I like to think of reasons why something is a bad idea, as sort of proof by contradiction, if you will. The long case for Qualcomm (NASDAQ:QCOM) is so obvious that anybody can understand it:
- They make the chips that go into almost every modern smartphone.
- They collect a hefty set of license fees from their vast patent portfolio spanning almost everything related to modern wireless communications.
- They're growing at a 20%+ clip year-over-year.
- They're highly profitable.
- Their balance sheet is as pristine as it gets (no debt, $28B in cash).
I have no idea why people sell this stock off whenever Apple (NASDAQ:AAPL) sneezes, nor do I understand what negatives anybody could possibly come up with respect to this company:
- Valuation? Nope. EPS is growing like crazy, and at this rate, the company is on track to become the most profitable semiconductor company in the world. Based on the raised full-year estimates, Qualcomm trades at a mere 18x earnings.
- Competitive position? Nope. No other company has viable 4G smartphone solutions shipping today. While competition may come during late 2013/early 2014, the market itself is in very strong secular growth.
- Low quality growth? Nope. This company is growing revenues and earnings by dominating a secular growth market. Margins are excellent, R&D spend is appropriate to maintain a strong competitive position, and it is significantly ahead of any of its competitors in terms.
- Tied to Apple? Please. This company supplies all of Apple's competitors, and likely ships more silicon to those competitors than it does to Apple. If an HTC phone steals market share from Apple, then odds are Qualcomm is providing both the modem and apps processor, making even more money than it would if Apple had gotten that order.
Qualcomm smacked the midpoint of its EPS guidance of $0.94/share in the face by reporting $1.09/share, a 16% beat. The company also raised full-year guidance from $23B - $24B to $23.4B - $24.4B in sales, and expect to do $3.61 - $3.81 in non-GAAP EPS. This means that at current prices, the stock trades at a mere 18x forward GAAP earnings for Amazon (NASDAQ:AMZN)-like topline growth!

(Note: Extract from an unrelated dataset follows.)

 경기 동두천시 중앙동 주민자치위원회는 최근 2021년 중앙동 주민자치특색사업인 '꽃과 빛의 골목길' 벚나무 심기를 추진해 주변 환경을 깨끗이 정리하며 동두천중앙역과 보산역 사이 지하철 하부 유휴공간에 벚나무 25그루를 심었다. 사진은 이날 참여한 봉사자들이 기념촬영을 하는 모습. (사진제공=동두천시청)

In short, Qualcomm nailed it.
Right now, Qualcomm runs unopposed in 4G LTE baseband hardware sales, which has led to the healthy adoption of its Snapdragon S4 processors. While I believe Qualcomm will be the market leader for all of 2013 and for the majority of 2014, the competition to this near monopoly will be present from the likes of Broadcom (BRCM), Nvidia (NASDAQ:NVDA), Intel (NASDAQ:INTC), and others by the middle of 2014. Qualcomm will, by definition, lose market share. But will this market share loss slow or even reverse growth? Probably not, since the market itself is expanding at such a rapid clip over the next several years, but it's something to keep in mind. Watch the numbers next year.

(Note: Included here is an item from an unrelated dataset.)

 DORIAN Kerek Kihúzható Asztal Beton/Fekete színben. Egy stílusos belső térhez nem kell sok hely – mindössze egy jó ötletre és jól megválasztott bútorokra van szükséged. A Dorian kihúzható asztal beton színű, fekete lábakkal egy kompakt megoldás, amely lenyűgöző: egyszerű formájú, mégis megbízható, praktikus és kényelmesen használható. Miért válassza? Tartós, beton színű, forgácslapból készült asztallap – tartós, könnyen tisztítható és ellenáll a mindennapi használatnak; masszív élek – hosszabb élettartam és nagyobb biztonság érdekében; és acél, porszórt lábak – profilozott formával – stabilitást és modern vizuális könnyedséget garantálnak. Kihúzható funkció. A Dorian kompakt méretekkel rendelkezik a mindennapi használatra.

But for now, Qualcomm investors have something really exciting in their portfolios, and I believe that there is no reason for anybody to sell today. A beat-and-raise is rare in this terrible macroeconomic environment, and that goes double for semiconductors. This company is one of the strongest, most well-managed firms out there, and it is a key player in one of the most explosive secular growth stories out there.
The odds are good that if you own Qualcomm, you're sitting on some nice capital gains. Enjoy them, and know that there's plenty more to come from this juggernaut.
Disclosure: I am long QCOM, NVDA, INTC. I wrote this article myself, and it expresses my own opinions. I am not receiving compensation for it (other than from Seeking Alpha). I have no business relationship with any company whose stock is mentioned in this article.